_Task description_:
The entries that follow include a run beginning at the line with "23日,记者从长沙理工大学获" and ending at the line with "De poster bestaat"; restate that run word for word and leave the rest out.

(Dataset excerpts)
* * * *
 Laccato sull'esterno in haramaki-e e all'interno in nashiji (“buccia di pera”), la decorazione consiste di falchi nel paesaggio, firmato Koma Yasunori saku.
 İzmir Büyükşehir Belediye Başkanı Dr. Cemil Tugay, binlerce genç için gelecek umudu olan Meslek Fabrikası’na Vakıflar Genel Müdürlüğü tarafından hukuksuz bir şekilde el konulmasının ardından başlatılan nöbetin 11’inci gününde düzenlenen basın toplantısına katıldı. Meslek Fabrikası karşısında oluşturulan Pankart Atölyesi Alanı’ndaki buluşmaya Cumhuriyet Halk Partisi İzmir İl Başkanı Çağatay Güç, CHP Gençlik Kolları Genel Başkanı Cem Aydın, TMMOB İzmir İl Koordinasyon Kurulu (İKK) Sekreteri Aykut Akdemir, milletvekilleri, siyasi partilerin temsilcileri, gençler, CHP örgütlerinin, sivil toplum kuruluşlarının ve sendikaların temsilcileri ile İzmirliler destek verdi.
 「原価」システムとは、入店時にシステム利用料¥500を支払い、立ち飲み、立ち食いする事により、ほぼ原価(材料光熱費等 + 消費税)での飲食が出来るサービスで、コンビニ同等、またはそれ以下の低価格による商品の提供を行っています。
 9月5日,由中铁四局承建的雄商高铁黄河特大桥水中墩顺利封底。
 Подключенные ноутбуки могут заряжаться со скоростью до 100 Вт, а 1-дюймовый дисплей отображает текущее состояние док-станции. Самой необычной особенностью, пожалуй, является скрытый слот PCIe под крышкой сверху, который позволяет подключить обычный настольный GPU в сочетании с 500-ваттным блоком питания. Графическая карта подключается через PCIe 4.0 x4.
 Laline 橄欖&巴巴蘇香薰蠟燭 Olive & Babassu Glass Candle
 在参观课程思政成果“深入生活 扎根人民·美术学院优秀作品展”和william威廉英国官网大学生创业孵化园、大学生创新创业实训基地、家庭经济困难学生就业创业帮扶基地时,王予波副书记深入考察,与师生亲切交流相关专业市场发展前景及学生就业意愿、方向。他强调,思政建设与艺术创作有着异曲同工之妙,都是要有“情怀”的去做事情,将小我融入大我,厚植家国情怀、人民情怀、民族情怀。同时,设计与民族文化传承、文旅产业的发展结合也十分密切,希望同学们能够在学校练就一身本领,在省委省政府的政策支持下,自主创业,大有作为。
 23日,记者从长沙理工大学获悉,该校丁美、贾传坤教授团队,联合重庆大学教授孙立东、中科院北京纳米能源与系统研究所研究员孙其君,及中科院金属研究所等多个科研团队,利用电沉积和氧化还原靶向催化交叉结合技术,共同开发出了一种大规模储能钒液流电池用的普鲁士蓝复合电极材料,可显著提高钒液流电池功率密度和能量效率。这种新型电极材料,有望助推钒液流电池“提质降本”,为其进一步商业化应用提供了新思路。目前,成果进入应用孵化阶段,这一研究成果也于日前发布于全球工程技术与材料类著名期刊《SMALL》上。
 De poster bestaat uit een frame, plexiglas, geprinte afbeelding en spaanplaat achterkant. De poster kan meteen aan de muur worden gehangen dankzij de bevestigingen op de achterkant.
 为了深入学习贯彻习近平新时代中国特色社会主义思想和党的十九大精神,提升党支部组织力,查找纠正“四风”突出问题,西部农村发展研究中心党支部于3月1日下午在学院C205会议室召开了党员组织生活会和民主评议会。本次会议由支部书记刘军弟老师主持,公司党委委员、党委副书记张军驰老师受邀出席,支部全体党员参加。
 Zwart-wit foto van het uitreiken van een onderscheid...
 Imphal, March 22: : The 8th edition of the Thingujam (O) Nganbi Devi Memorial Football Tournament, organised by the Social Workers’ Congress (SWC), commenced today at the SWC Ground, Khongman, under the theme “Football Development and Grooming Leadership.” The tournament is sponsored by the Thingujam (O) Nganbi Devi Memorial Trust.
* * * *
_Finished task_:
 23日,记者从长沙理工大学获悉,该校丁美、贾传坤教授团队,联合重庆大学教授孙立东、中科院北京纳米能源与系统研究所研究员孙其君,及中科院金属研究所等多个科研团队,利用电沉积和氧化还原靶向催化交叉结合技术,共同开发出了一种大规模储能钒液流电池用的普鲁士蓝复合电极材料,可显著提高钒液流电池功率密度和能量效率。这种新型电极材料,有望助推钒液流电池“提质降本”,为其进一步商业化应用提供了新思路。目前,成果进入应用孵化阶段,这一研究成果也于日前发布于全球工程技术与材料类著名期刊《SMALL》上。
 De poster bestaat uit een frame, plexiglas, geprinte afbeelding en spaanplaat achterkant. De poster kan meteen aan de muur worden gehangen dankzij de bevestigingen op de achterkant.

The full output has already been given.